**REQUIREMENT:** When the listing below reaches the line that has "The fully equipped", start reproducing exactly; stop after the line that has "Boss screaming at", and drop the pictures.

[[ DATASET EXTRACT, beginning ]]

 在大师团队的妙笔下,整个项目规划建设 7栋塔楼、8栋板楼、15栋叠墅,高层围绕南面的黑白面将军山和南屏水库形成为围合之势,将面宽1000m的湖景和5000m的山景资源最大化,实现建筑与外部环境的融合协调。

[[ DATASET EXTRACT, end ]]
[[ DATASET EXTRACT, beginning ]]

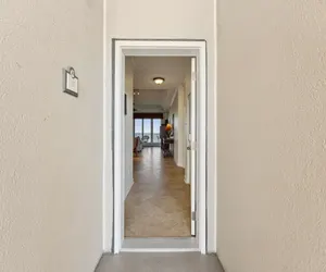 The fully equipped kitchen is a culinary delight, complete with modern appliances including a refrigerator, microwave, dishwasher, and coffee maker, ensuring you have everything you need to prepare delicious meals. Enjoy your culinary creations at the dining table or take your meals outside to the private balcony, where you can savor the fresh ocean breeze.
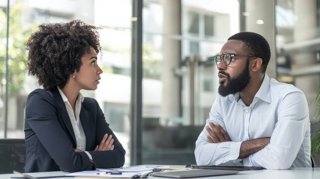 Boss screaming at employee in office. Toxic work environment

[[ DATASET EXTRACT, end ]]
[[ DATASET EXTRACT, beginning ]]

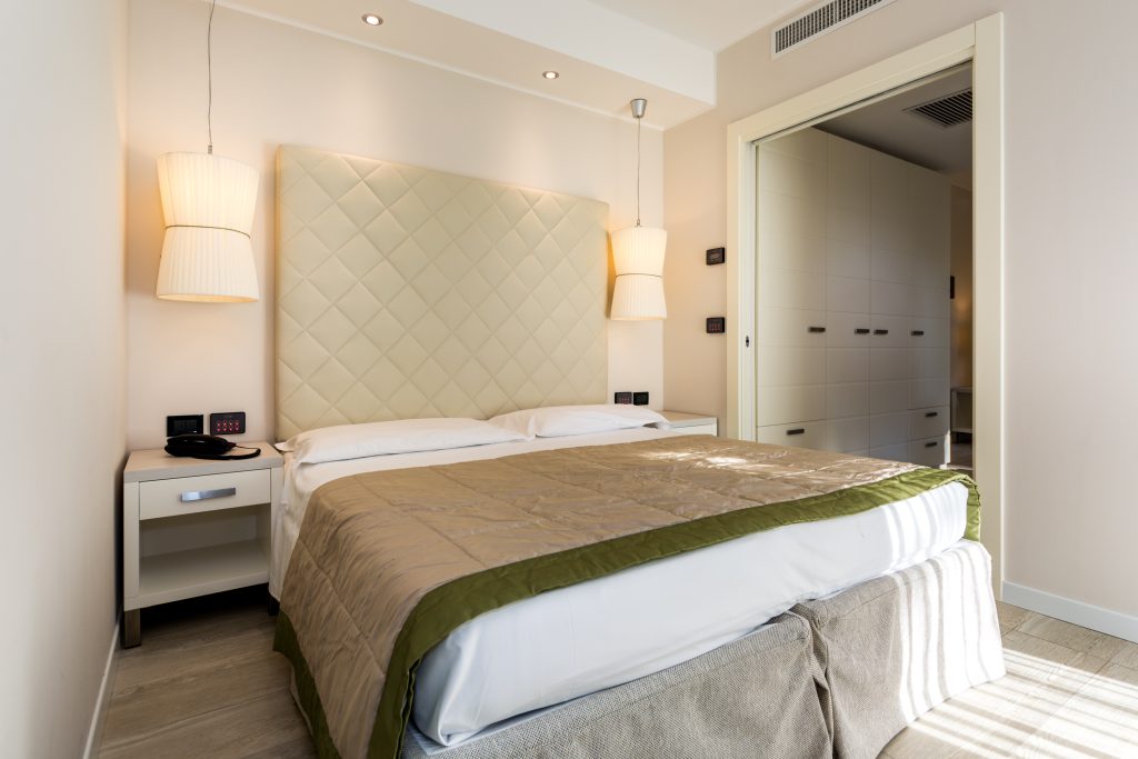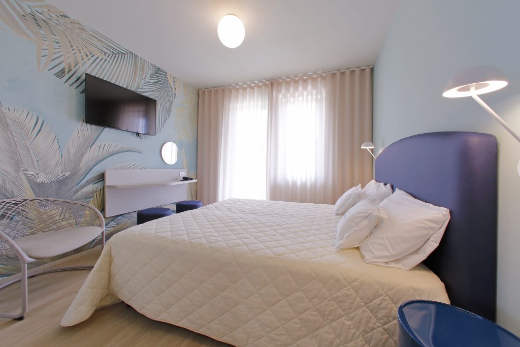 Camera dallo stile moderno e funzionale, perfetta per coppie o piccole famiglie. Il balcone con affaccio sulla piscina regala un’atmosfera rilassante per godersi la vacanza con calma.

[[ DATASET EXTRACT, end ]]

**ANSWER SPACE:**
 The fully equipped kitchen is a culinary delight, complete with modern appliances including a refrigerator, microwave, dishwasher, and coffee maker, ensuring you have everything you need to prepare delicious meals. Enjoy your culinary creations at the dining table or take your meals outside to the private balcony, where you can savor the fresh ocean breeze.
 Boss screaming at employee in office. Toxic work environment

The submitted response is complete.